For visualization purposes, we employed the t-distributed stochastic neighbor embedding (t-SNE), a dimensionality reduction technique which maps high-dimensional feature vectors into a lower-dimensional space while preserving the relative distances between protein clusters.

Performance metrics

Structural similarity index measure28 (SSIM) and Pearson correlation coefficient (PCC) were used as metrics to evaluate the performance of signal unmixing. SSIM quantifies the structural similarity between unmixed image and ground-truth image by measuring luminance, contrast, and structure information, and provide a value between \(-1\) and \(1\), where \(1\) indicates perfect similarity. PCC quantifies the linear correlation between unmixed image and ground-truth image. PCC values also range from −\(1\) to \(1\), where \(1\) indicates perfect positive correlation, \(0\) indicates no correlation, and \(-1\) indicates perfect negative correlation. For two protein \(A\) and \(B\), unmixing performance was calculated by comparing unmixed images \({x}_{A}\) and \({x}_{B}\) with their corresponding ground-truth images \({y}_{A}\) and \({y}_{B}\), respectively. These individual performance metrics were then averaged to obtain the final value.

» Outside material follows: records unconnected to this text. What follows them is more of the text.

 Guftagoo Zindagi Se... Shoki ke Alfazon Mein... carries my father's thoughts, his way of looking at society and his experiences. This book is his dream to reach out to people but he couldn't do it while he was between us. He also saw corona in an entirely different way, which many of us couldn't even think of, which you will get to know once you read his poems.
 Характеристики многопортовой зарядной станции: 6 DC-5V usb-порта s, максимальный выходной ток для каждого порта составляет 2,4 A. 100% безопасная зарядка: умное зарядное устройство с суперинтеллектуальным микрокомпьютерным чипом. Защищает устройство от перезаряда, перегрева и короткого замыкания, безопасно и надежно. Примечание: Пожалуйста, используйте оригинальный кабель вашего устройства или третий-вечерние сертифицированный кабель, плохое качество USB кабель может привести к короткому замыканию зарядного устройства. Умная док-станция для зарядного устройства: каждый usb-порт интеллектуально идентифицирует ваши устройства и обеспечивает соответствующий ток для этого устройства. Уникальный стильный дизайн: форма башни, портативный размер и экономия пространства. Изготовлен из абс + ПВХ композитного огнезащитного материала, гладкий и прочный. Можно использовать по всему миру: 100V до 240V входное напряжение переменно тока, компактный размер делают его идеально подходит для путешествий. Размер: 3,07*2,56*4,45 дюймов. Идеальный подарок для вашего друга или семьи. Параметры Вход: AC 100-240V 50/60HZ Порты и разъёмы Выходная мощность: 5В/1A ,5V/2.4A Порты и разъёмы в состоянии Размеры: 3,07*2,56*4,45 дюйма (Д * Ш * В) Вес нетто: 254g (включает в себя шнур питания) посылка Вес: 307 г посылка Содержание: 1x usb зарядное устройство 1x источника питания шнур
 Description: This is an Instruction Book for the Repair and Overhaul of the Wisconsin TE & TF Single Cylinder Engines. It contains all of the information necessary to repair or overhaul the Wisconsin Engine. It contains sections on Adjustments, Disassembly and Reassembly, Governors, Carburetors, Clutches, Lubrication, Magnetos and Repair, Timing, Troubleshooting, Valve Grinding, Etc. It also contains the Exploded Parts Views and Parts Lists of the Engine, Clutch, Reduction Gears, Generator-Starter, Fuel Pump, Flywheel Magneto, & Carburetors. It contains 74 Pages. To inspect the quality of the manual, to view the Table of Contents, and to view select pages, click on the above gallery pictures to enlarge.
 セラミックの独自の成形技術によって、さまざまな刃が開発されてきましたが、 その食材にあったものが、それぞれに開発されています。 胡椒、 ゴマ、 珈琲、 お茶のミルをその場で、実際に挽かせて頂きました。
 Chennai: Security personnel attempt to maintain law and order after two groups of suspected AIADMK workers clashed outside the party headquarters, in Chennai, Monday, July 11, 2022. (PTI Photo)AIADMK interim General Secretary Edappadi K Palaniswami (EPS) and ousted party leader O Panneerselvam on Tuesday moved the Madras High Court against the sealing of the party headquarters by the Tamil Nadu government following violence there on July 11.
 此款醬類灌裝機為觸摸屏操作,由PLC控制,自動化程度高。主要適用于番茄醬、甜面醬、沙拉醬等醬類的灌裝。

To account for cases where two proteins intrinsically have high spatial similarity, we introduced cross-similarity and the resulting normalized performance metrics. The cross-similarity is defined as SSIM or PCC between ground-truth images of two proteins \({y}_{A}\) and \({y}_{B}\), and the normalized performance was calculated using cross-similarity, employing the formula:

$${\rm{normalized\; SSIM}}\left({x}_{A},{x}_{B},{y}_{A},{y}_{B}\right)=\frac{{\rm{SSIM}}\left({x}_{A},{y}_{A}\right)+{\rm{SSIM}}\left({x}_{B}{,y}_{B}\right)}{2\left(1\,+{\rm{SSIM}}\left({y}_{A},{y}_{B}\right)\right)\,},$$
$${\rm{normalized\; PCC}}\left({x}_{A},{x}_{B},{y}_{A},{y}_{B}\right)=\frac{{\rm{PCC}}\left({x}_{A},{y}_{A}\right)+{\rm{PCC}}\left({x}_{B}{,y}_{B}\right)}{2\left(1\,+{\rm{PCC}}\left({y}_{A},{y}_{B}\right)\right)\,},$$

to avoid large deviation from near-zero denominators.

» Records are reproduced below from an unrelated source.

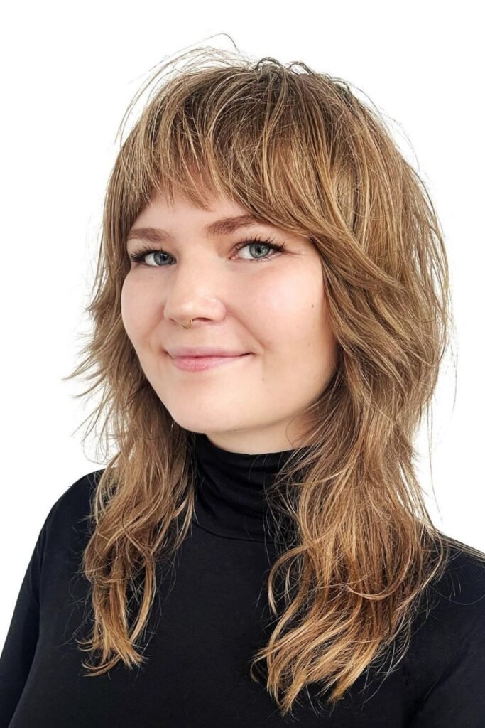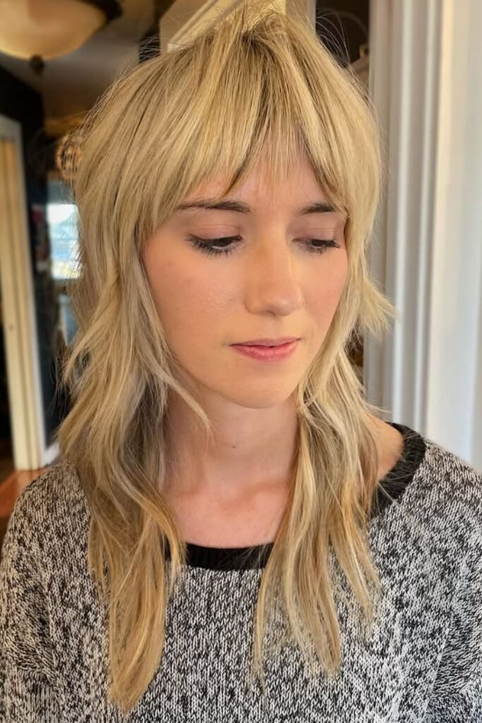 The feathered curtain fringe frames the face, and the jagged mid-length layers give the hair volume without making it look heavy.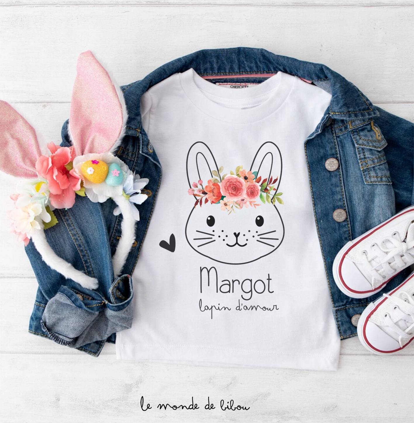 On adore ce T-Shirt Petit lapin d’amour, un chouette t-shirt personnalisé pour Pâques ! Ce t-shirt manches courtes qui convient à tous les enfants de 3 mois à 14 ans (2 modèles différents selon l’âge). Notre t-shirt personnalisé à son prénom est idéal pour votre enfant même en dehors des fêtes de Pâques… Il est disponible en version lapin petite fille et lapin petit garçon.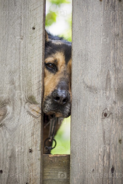 Красивая собака, домашняя собака, увидела, как он просунул голову в щель в садовой ограде. Морда собаки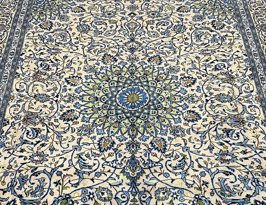 Massive Room Size Authentic Handmade Persian Kashmar Rug. Above All It Would Feel Amazing Under Your Feet. It Is Also Hard To Get This Quality Original Handmade Wool Rug In Larger Sizes. It Has A Pure Lamb’s Wool Pile On Cotton Base. Light Brown, French Blue, Pistachio, Indigo Blue And Olive Green Tone Dyed Using Traditional Methods.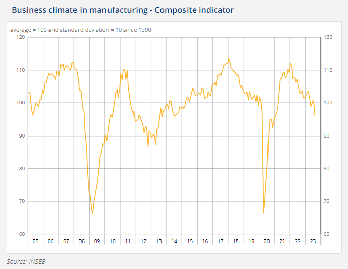 INSEE's business climate index also falls below the 100 threshold, ~ business activities in France are slowing down just like previous EU crisis and recession periods.
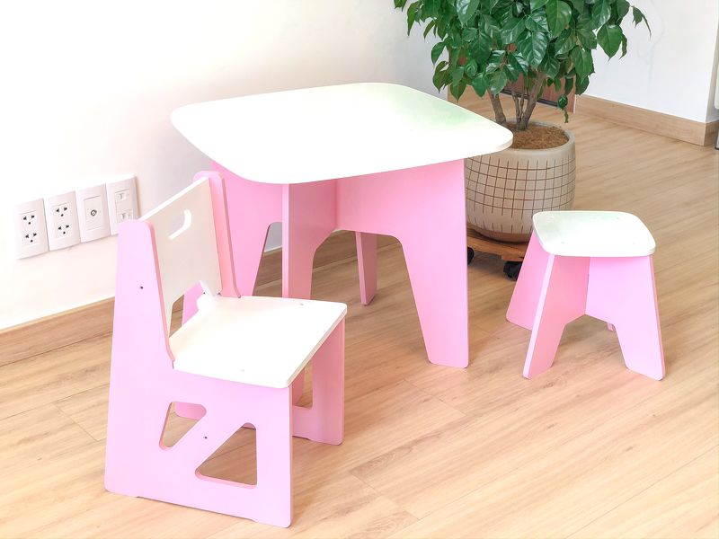 Bộ bàn ghế trẻ em bằng gỗ lắp ghép Màu Xanh bao gồm : 1 bàn + 2 ghế như hình (1 ghế tựa và 1 ghế đôn)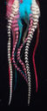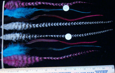 8 feather grizzly extensions that are from 10" to 12", from Whiting, premium USA raised birds. All feathers are dyed using professional acid dyes which produce brighter colors and greater color fastness.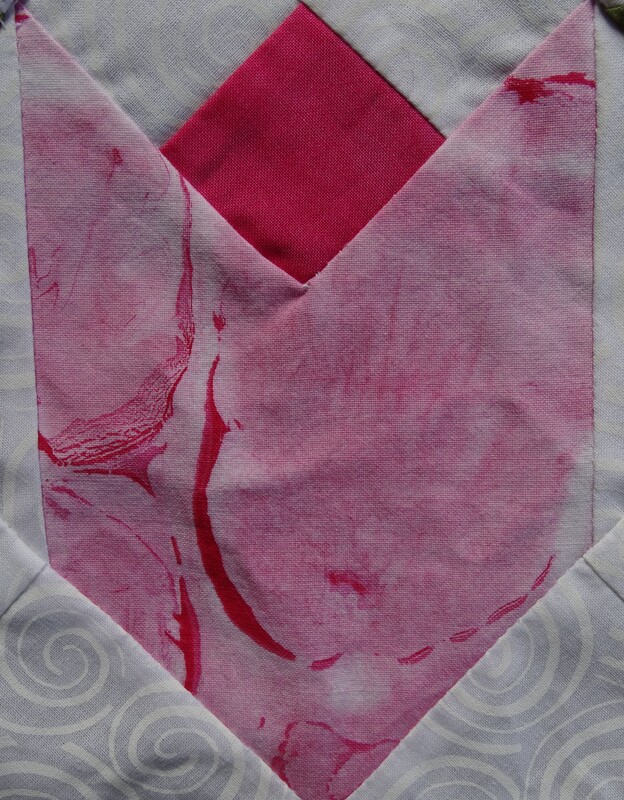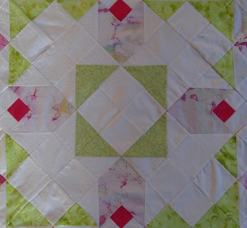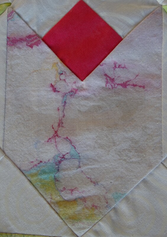 Het originele patroon volg ik. De kleuren laat ik van licht naar donker en van zacht naar fel verlopen. Lichtgroen met lichte ebru lapjes vormen de bloemen van het middenstuk. Daarna volgt een rand met lindegroen en felroze bloemen. De laatste rand wordt groen met lila tinten. Kleurgebruik is heel persoonlijk. Zuurstok is mijn lievelingskleur. En die zit erin!

Self-supervised image denoising

We utilized a self-supervised image denoising method29 as a data preprocessing step before training the feature extraction network and protein separation networks. This method employs a 2D U-Net combined with a blind spot network. The input z-stack data, excluding the center z-plane, are concatenated along the channel dimension and processed through the 2D U-Net to leverage the information from adjacent z-planes. The output of the 2D U-Net and the center z-plane of the input data are concatenated along the channel dimension and passed to the blind spot network, which has a receptive field set to zero at its center. The output of the 2D U-Net and the output of the blind spot network are concatenated along the channel dimension and fed into 1 × 1 convolutional layers to predict the denoised image. The network was trained to minimize the pixel-wise L1 and L2 loss between the input and the output, and optimized with Adam optimizer at a learning rate of 5 × 10−4 without weight decay.

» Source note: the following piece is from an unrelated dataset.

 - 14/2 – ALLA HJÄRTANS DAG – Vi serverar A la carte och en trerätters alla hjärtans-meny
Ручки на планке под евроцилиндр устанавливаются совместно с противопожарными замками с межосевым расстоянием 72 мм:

Statistics and reproducibility

Statistical analyses were conducted using MATLAB R2023a (v9.14, MathWorks Inc.). A two-sided paired-sample t test was performed, as described in Supplementary Fig. 17. Exact p-values for all tests are reported in Supplementary Data 2. The sample size (n) refers to images acquired from different fields of view within the same anatomical region from one animal, and does not represent biological replicates. Details are provided in the figure legends.

Reporting summary

Further information on research design is available in the Nature Portfolio Reporting Summary linked to this article.